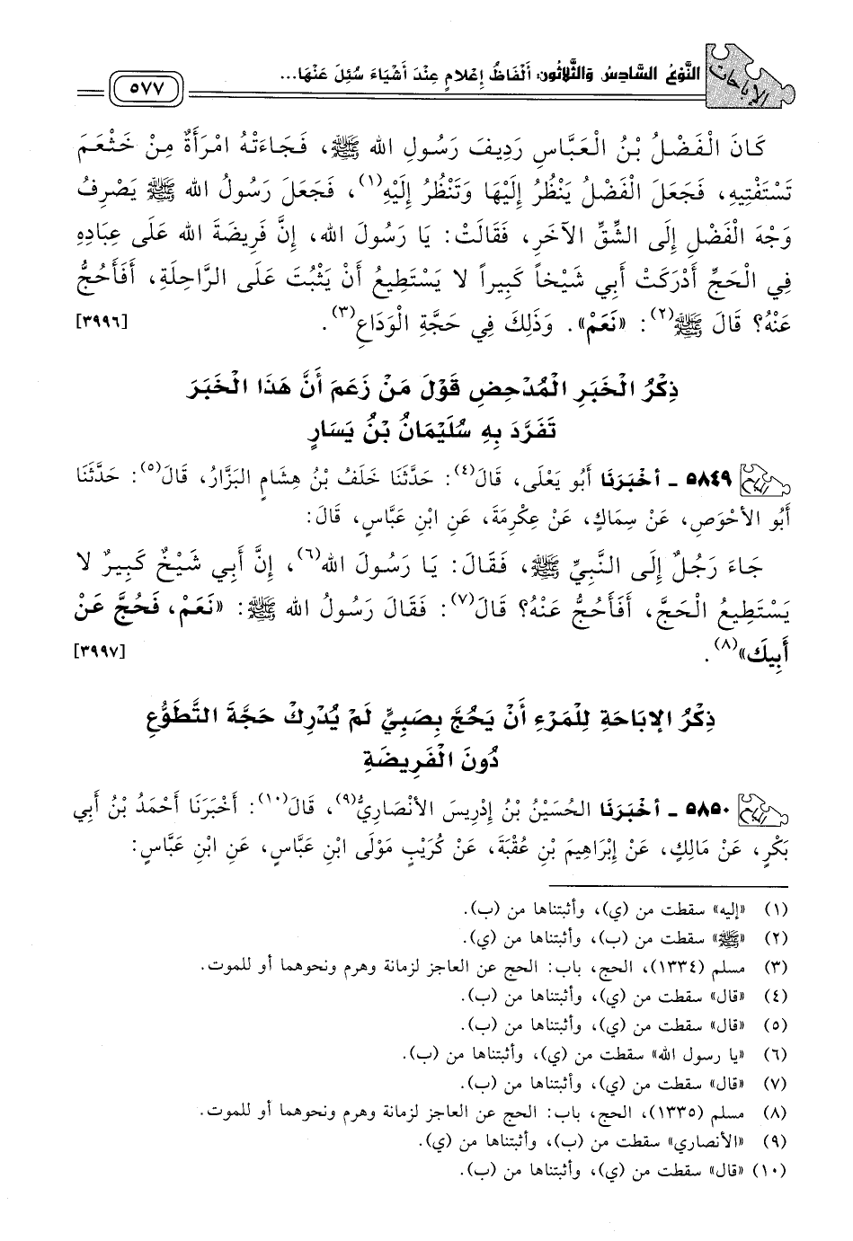 ٥٨٥٠ - أَخبَرنا الْحُسَيْنُ بْنُ إِدْرِيسَ الأنصاري، قَالَ: أَخبَرنا أَحْمَدُ بْنُ أَبِي بَكْرٍ، عَنْ مَالِكٍ، عَنْ إِبْرَاهِيمَ بْنِ عُقْبَةَ، عَنْ كُرَيْبٍ مَوْلَى ابْنِ عَبَّاسٍ، عَنِ ابْنِ عَبَّاسٍ، أَنَّ رَسُولَ اللهِ صَلى الله عَلَيه وسَلم مَرَّ بِامْرَأَةٍ، فَقِيلَ لَهَا: هَذَا رَسُولُ اللهِ صَلى الله عَلَيه وسَلم. فَأَخَذَتْ بِعَضُدِ صَبِيٍّ كَانَ مَعَهَا، فَقَالَتْ: أَلِهَذَا حَجٌّ يَا رَسُولَ اللهِ؟ فَقَالَ رَسُولُ اللهِ صَلى الله عَلَيه وسَلم: "نَعَمْ، وَلَكِ أَجْرٌ". [٣٧٩٧]
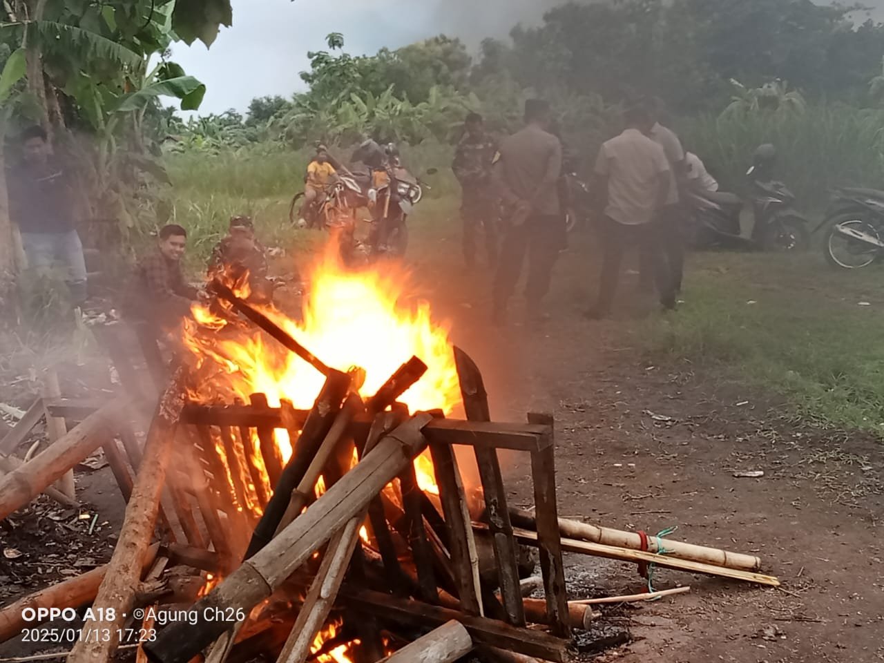 Kegiatan ini berlangsung pada sore hari dan disaksikan oleh Kanit Ditreskrimum Polda Jatim, Kompol Ardi Purboyo, serta melibatkan anggota Koramil 0815/03 Sooko, perwakilan Pemerintah Desa Kedungmaling, tokoh masyarakat, dan jajaran Polres Mojokerto, (13/1/2025).
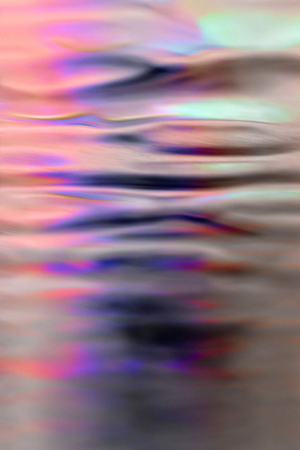 Intense colour is captured in the early morning reflected on a gentle stream. Hues of bold pink, purple and light green mingle with the ripple textures of the water surface of this Original Abstract Art.
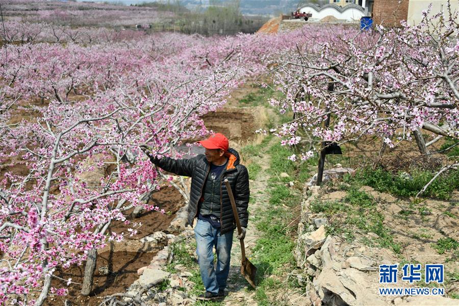 3月30日,济南市仲宫街道先锋店村村民张信忠查看桃树开花情况。 随着气温升高,位于山东省济南市仲宫街道的万亩桃园进入盛花期,漫山遍野的桃花将大地装扮得美不胜收。 新华社记者 朱峥 摄
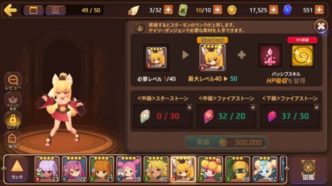 またスターストーンには下級、中級、上級と3段階が存在し、ランクの高いスターモンほどランクアップには上位の素材を要求します。
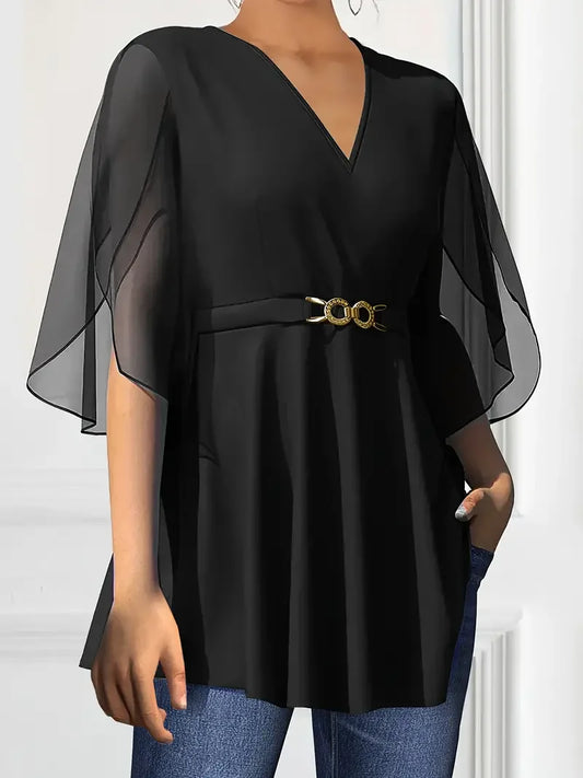 Plus Size Short Sleeve Chiffon Blouse Women's V-neck Waist Cinched Elegant Casual Blouse Top Fashion Clothing Summer 2025
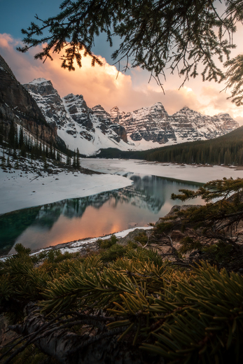 Tagged: lake winter morraine alberta sunset plant tree nature outdoors wilderness fir mountain mountain_range scenery landscape ice sky water glacier peak conifer mountainous_landforms natural_landscape highland hill valley
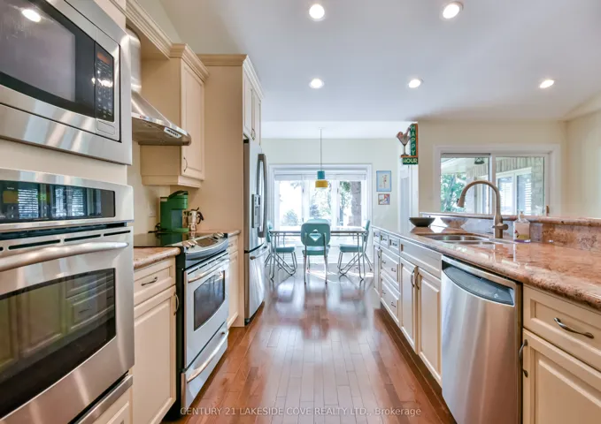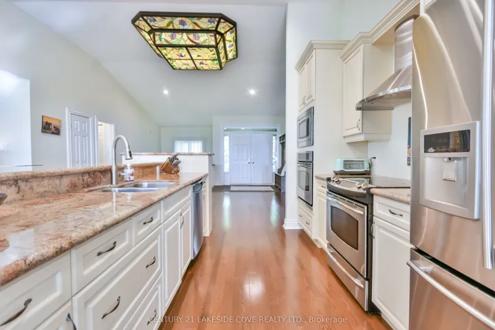 +"PublicRemarks": "Lake Simcoe 5,000 Sq. Ft. Waterfront Bungalow with Breathtaking Southern Views. Welcome to this stunning waterfront bungalow on the shores of Lake Simcoe, offering 100 feet of clean, clear shoreline. This beautifully maintained home features cathedral ceilings and an open-concept layout that seamlessly blends the gourmet kitchen, dining, and living areas perfect for both relaxed family living and stylish entertaining. The kitchen is a chef's dream, complete with granite countertops and a walkout to a spacious stone patio, ideal for family gatherings. The main floor includes 2 generously sized bedrooms, 3 bathrooms, convenient main floor laundry, and inside access from the attached garage. The fully finished lower level offers a spacious rec room with walkout access to the backyard and hot tub, your private retreat for relaxation. This level also includes a large bedroom, a 3-piece bathroom, ample storage, and a versatile bonus room that can serve as a media room, games room, or an additional bedroom for extended guests. Curb appeal abounds with manicured lawns, established low-maintenance gardens, and an inviting presence. Enjoy ultimate privacy, stunning sunsets, and a truly serene lakeside lifestyle. Don't miss this rare opportunity to own a piece of paradise on Lake Simcoe. Bayshore Village is a unique waterfront community located on the eastern shores of Lake Simcoe. Membership includes access to amenities such as golf, saltwater pool, pickle ball and tennis courts, cards, socials and more. ($1,100/2025) BVA & Bell Fibre Member"
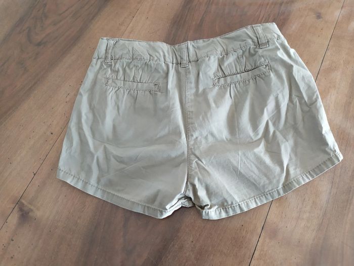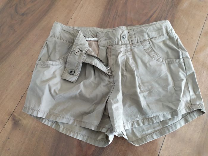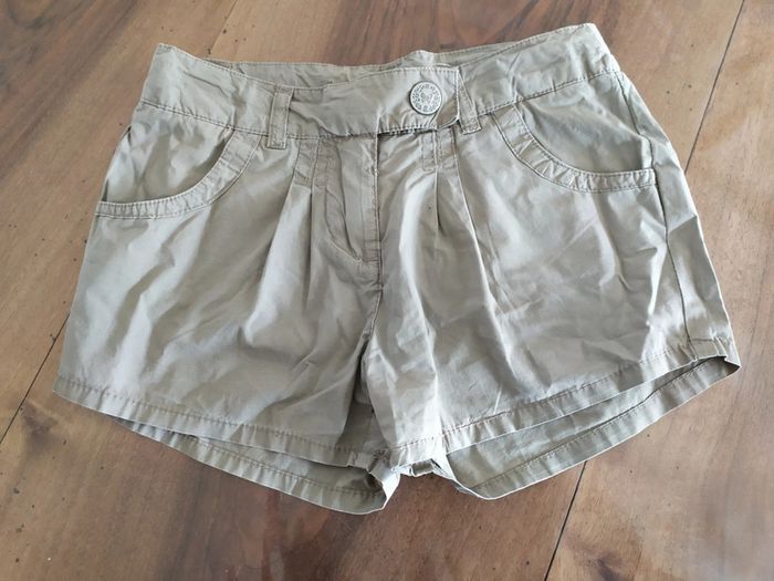 Joli short beige, très léger. Ouverture zippée + 2 boutons (dont un caché). Sous passants pour ceinture. Taille réglable par élastique à l'intérieur. Poches devant et derrière. Composition : 100% coton Short en très bon état 🚭 Maison non fumeur #nerimafille8ans #texkids
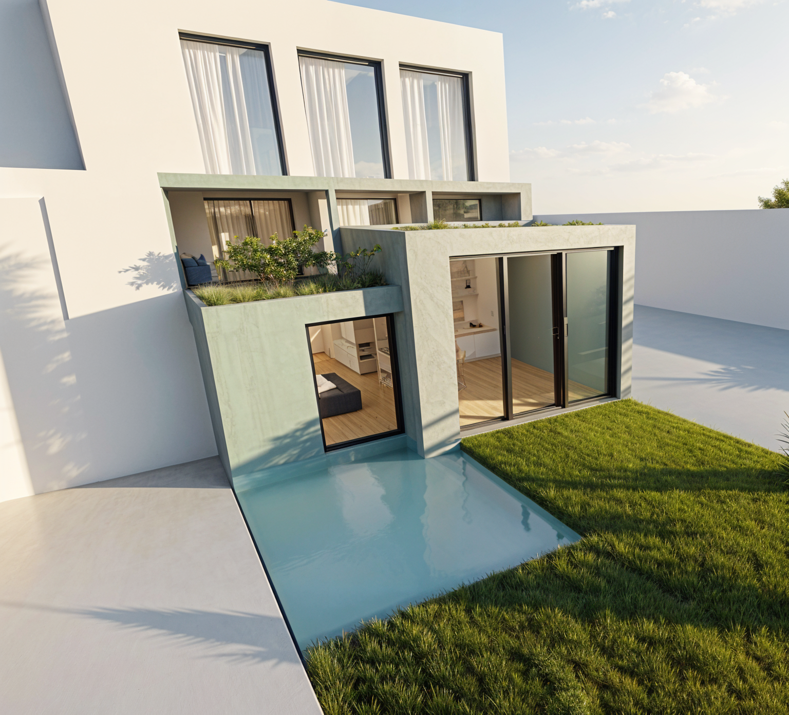create a photorealistic architectural rendering of this house extension preserve the exact building colors shapes and proportions beton cire green including the garden floor continuation add seddum on the roof
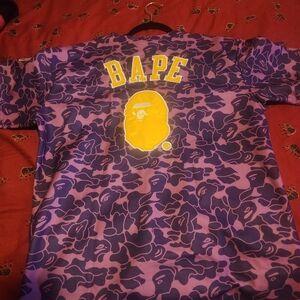 Vibrant purple bape Mitchell and ness shirt with unique pattern. Features Lakers Collection patch. Stylish and eye-catching.
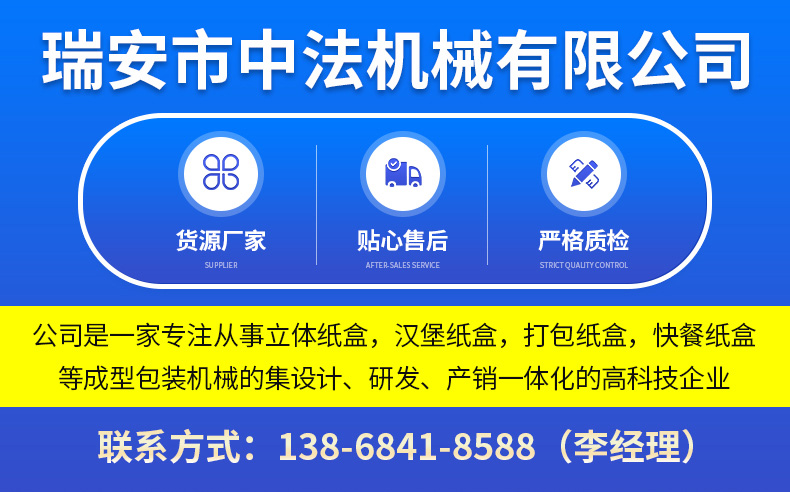 瑞安市中法機(jī)械有限公司,中法機(jī)械,立體成型紙盒機(jī),紙杯機(jī),紙碗機(jī),漢堡盒機(jī),模切機(jī),成型包裝機(jī)械
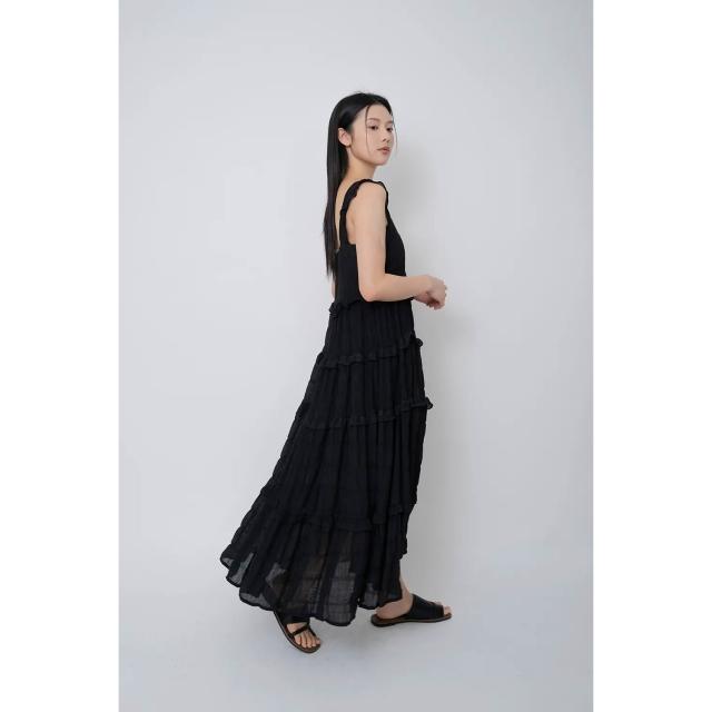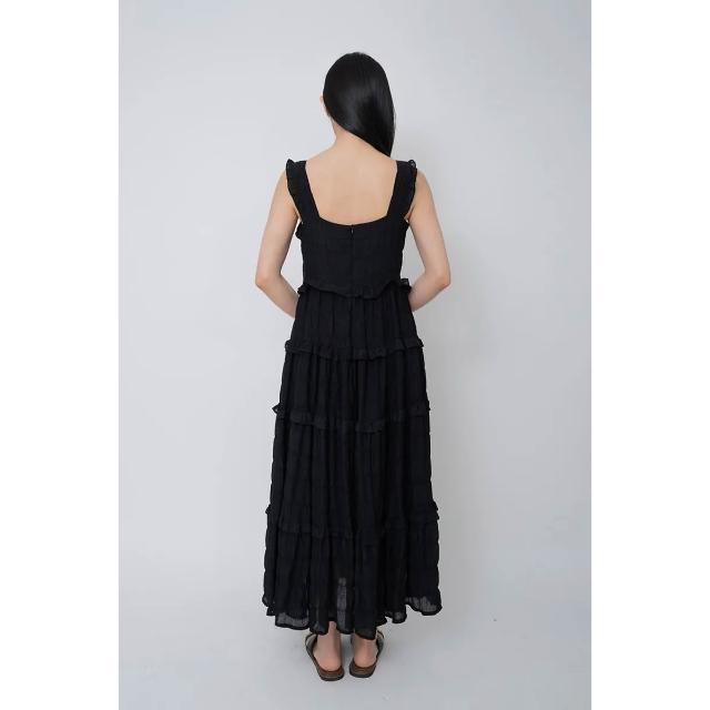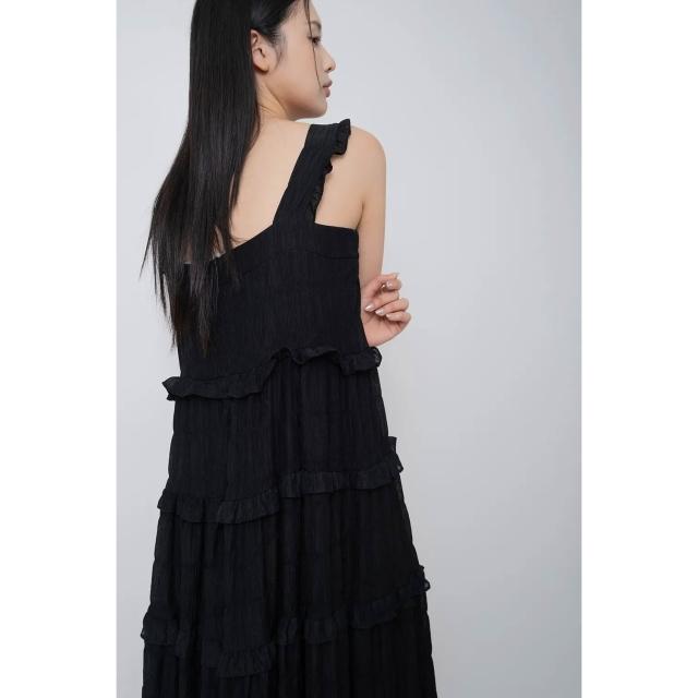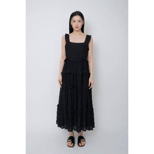 Merite甜美方領褶皺蛋糕背心洋裝|黑 連身裙 連衣裙 長裙女 蛋糕裙 現貨 百貨專櫃女裝 京站B1新光三越站前2F
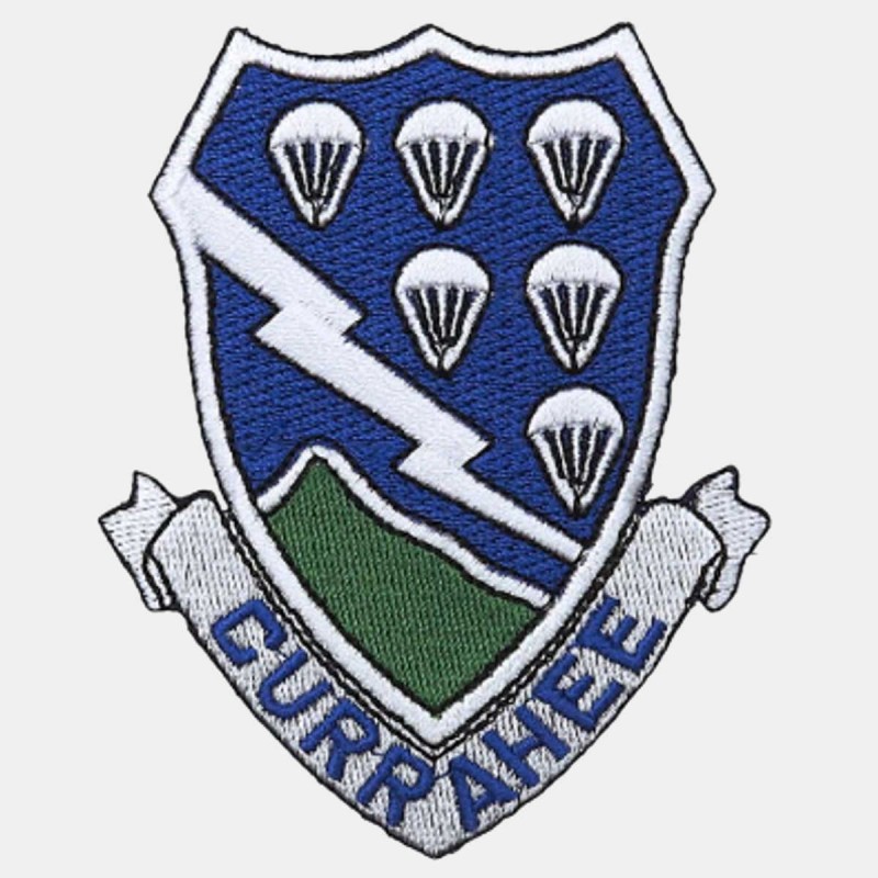 Reproduction of the insignia of the 506th Parachute Infantry Regiment, whose motto “Currahee” is inspired by the name of the mountain located near Camp Toccoa.

* * *

§ **Work to be completed**: Copy each line of the records above exactly as written. Do not carry over any picture.

§ **Exercise output**:
 ٥٨٥٠ - أَخبَرنا الْحُسَيْنُ بْنُ إِدْرِيسَ الأنصاري، قَالَ: أَخبَرنا أَحْمَدُ بْنُ أَبِي بَكْرٍ، عَنْ مَالِكٍ، عَنْ إِبْرَاهِيمَ بْنِ عُقْبَةَ، عَنْ كُرَيْبٍ مَوْلَى ابْنِ عَبَّاسٍ، عَنِ ابْنِ عَبَّاسٍ، أَنَّ رَسُولَ اللهِ صَلى الله عَلَيه وسَلم مَرَّ بِامْرَأَةٍ، فَقِيلَ لَهَا: هَذَا رَسُولُ اللهِ صَلى الله عَلَيه وسَلم. فَأَخَذَتْ بِعَضُدِ صَبِيٍّ كَانَ مَعَهَا، فَقَالَتْ: أَلِهَذَا حَجٌّ يَا رَسُولَ اللهِ؟ فَقَالَ رَسُولُ اللهِ صَلى الله عَلَيه وسَلم: "نَعَمْ، وَلَكِ أَجْرٌ". [٣٧٩٧]
 Kegiatan ini berlangsung pada sore hari dan disaksikan oleh Kanit Ditreskrimum Polda Jatim, Kompol Ardi Purboyo, serta melibatkan anggota Koramil 0815/03 Sooko, perwakilan Pemerintah Desa Kedungmaling, tokoh masyarakat, dan jajaran Polres Mojokerto, (13/1/2025).
 Intense colour is captured in the early morning reflected on a gentle stream. Hues of bold pink, purple and light green mingle with the ripple textures of the water surface of this Original Abstract Art.
 3月30日,济南市仲宫街道先锋店村村民张信忠查看桃树开花情况。 随着气温升高,位于山东省济南市仲宫街道的万亩桃园进入盛花期,漫山遍野的桃花将大地装扮得美不胜收。 新华社记者 朱峥 摄
 またスターストーンには下級、中級、上級と3段階が存在し、ランクの高いスターモンほどランクアップには上位の素材を要求します。
 Plus Size Short Sleeve Chiffon Blouse Women's V-neck Waist Cinched Elegant Casual Blouse Top Fashion Clothing Summer 2025
 Tagged: lake winter morraine alberta sunset plant tree nature outdoors wilderness fir mountain mountain_range scenery landscape ice sky water glacier peak conifer mountainous_landforms natural_landscape highland hill valley
 +"PublicRemarks": "Lake Simcoe 5,000 Sq. Ft. Waterfront Bungalow with Breathtaking Southern Views. Welcome to this stunning waterfront bungalow on the shores of Lake Simcoe, offering 100 feet of clean, clear shoreline. This beautifully maintained home features cathedral ceilings and an open-concept layout that seamlessly blends the gourmet kitchen, dining, and living areas perfect for both relaxed family living and stylish entertaining. The kitchen is a chef's dream, complete with granite countertops and a walkout to a spacious stone patio, ideal for family gatherings. The main floor includes 2 generously sized bedrooms, 3 bathrooms, convenient main floor laundry, and inside access from the attached garage. The fully finished lower level offers a spacious rec room with walkout access to the backyard and hot tub, your private retreat for relaxation. This level also includes a large bedroom, a 3-piece bathroom, ample storage, and a versatile bonus room that can serve as a media room, games room, or an additional bedroom for extended guests. Curb appeal abounds with manicured lawns, established low-maintenance gardens, and an inviting presence. Enjoy ultimate privacy, stunning sunsets, and a truly serene lakeside lifestyle. Don't miss this rare opportunity to own a piece of paradise on Lake Simcoe. Bayshore Village is a unique waterfront community located on the eastern shores of Lake Simcoe. Membership includes access to amenities such as golf, saltwater pool, pickle ball and tennis courts, cards, socials and more. ($1,100/2025) BVA & Bell Fibre Member"
 Joli short beige, très léger. Ouverture zippée + 2 boutons (dont un caché). Sous passants pour ceinture. Taille réglable par élastique à l'intérieur. Poches devant et derrière. Composition : 100% coton Short en très bon état 🚭 Maison non fumeur #nerimafille8ans #texkids
create a photorealistic architectural rendering of this house extension preserve the exact building colors shapes and proportions beton cire green including the garden floor continuation add seddum on the roof
 Vibrant purple bape Mitchell and ness shirt with unique pattern. Features Lakers Collection patch. Stylish and eye-catching.
 瑞安市中法機(jī)械有限公司,中法機(jī)械,立體成型紙盒機(jī),紙杯機(jī),紙碗機(jī),漢堡盒機(jī),模切機(jī),成型包裝機(jī)械
 Merite甜美方領褶皺蛋糕背心洋裝|黑 連身裙 連衣裙 長裙女 蛋糕裙 現貨 百貨專櫃女裝 京站B1新光三越站前2F
 Reproduction of the insignia of the 506th Parachute Infantry Regiment, whose motto “Currahee” is inspired by the name of the mountain located near Camp Toccoa.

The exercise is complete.